Posted on:2002-12-17Degree:Ph.DType:Dissertation
University:University of WashingtonCandidate:Yuk, JongtaeFull Text:PDF
GTID:1464390011496357Subject:Engineering
Abstract/Summary:
In military combat operations and emergency situations, one-third of all trauma deaths occur in the first 15 minutes after injury due to undetected/uncontrolled internal hemorrhage. If the amount of bleeding volume is expanding by 100 ml in a period of 10 minutes, the patient will die of internal bleeding within three hours unless proper treatment is instituted. Other modalities and techniques are available for internal hemorrhage detection in the clinic, but are either expensive or invasive.
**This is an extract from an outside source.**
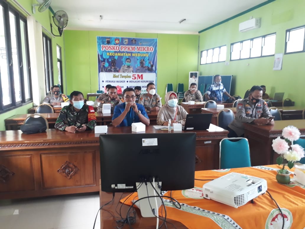 Wedung – Selasa, tanggal 06 April 2021 jam 13.00 bertempat di Ruang Pertemuan Kantor Kecamatan Wedung didakan Kegiatan Zoom Meting Pelatihan Penggunaan Aplikasi dan Dashboard Terintegrasi PPKM Mikro berbasis Desa, yang diikuti oleh Sekretaris Kecamatan Wedung, Kapolsek, Danramil, Kasi Kesra Kecamatan Wedung, Puskesmas Wedung 1, Puskesmas Wedung 2 dan Babinsa / Babinkamtibmas Kecamatan Wedung, isi dari kegiatan ini adalah Pelatihan bagi Babinsa dan babinkamtibmas dalam menggunakan Aplikasi dan Dashboard Terintegrasi PPKM Mikro agar memudahkan dalam pemantauan pelaksanaan PPKM Mikro di Desa sehingga lebih efektif dalam pencegahan penyebaran virus covid 19.

This project introduces a method of identifying internal hemorrhage using a low cost, portable 3D ultrasound imaging device.; Two volume measurements of the fluid in the peritoneal sac taken over a time interval can be used to determine whether internal bleeding has occurred and whether the bleeding is continuing by measuring the difference between the two volumes. Multiple 3D data sets can be acquired with a 3D mechanical scanner for the patient's abdomen using templates, so that the position and orientation informations of each 3D data set can be established. The fluid volume of each 3D data set is measured from the manual outlining of the fluid border. By subtracting the overlapped volume using the position and orientation information from each other, the entire volume of the fluid in the abdomen can be calculated without over or under estimation.; Fluid in the abdomen can be moved from location to location due to the patient's position for an examination. The optimum position for fluid measurement is investigated by varying patients' positions to allow fluid to gather in significant pouches to different degrees.; A patient's movement or aortic pulsatility degrades the reconstructed image in many modalities. A CT image reconstruction simulation shows the possible image error due to the aortic pulsatility and movement. The data from the 3D scanner, used in this project, includes the oversampled area at the center of 3D data set. The data of the oversampled area is used to compensate motion error in the image.; This project also introduces a method to detect and measure an abdominal aortic aneurysm using this 3D imaging technique.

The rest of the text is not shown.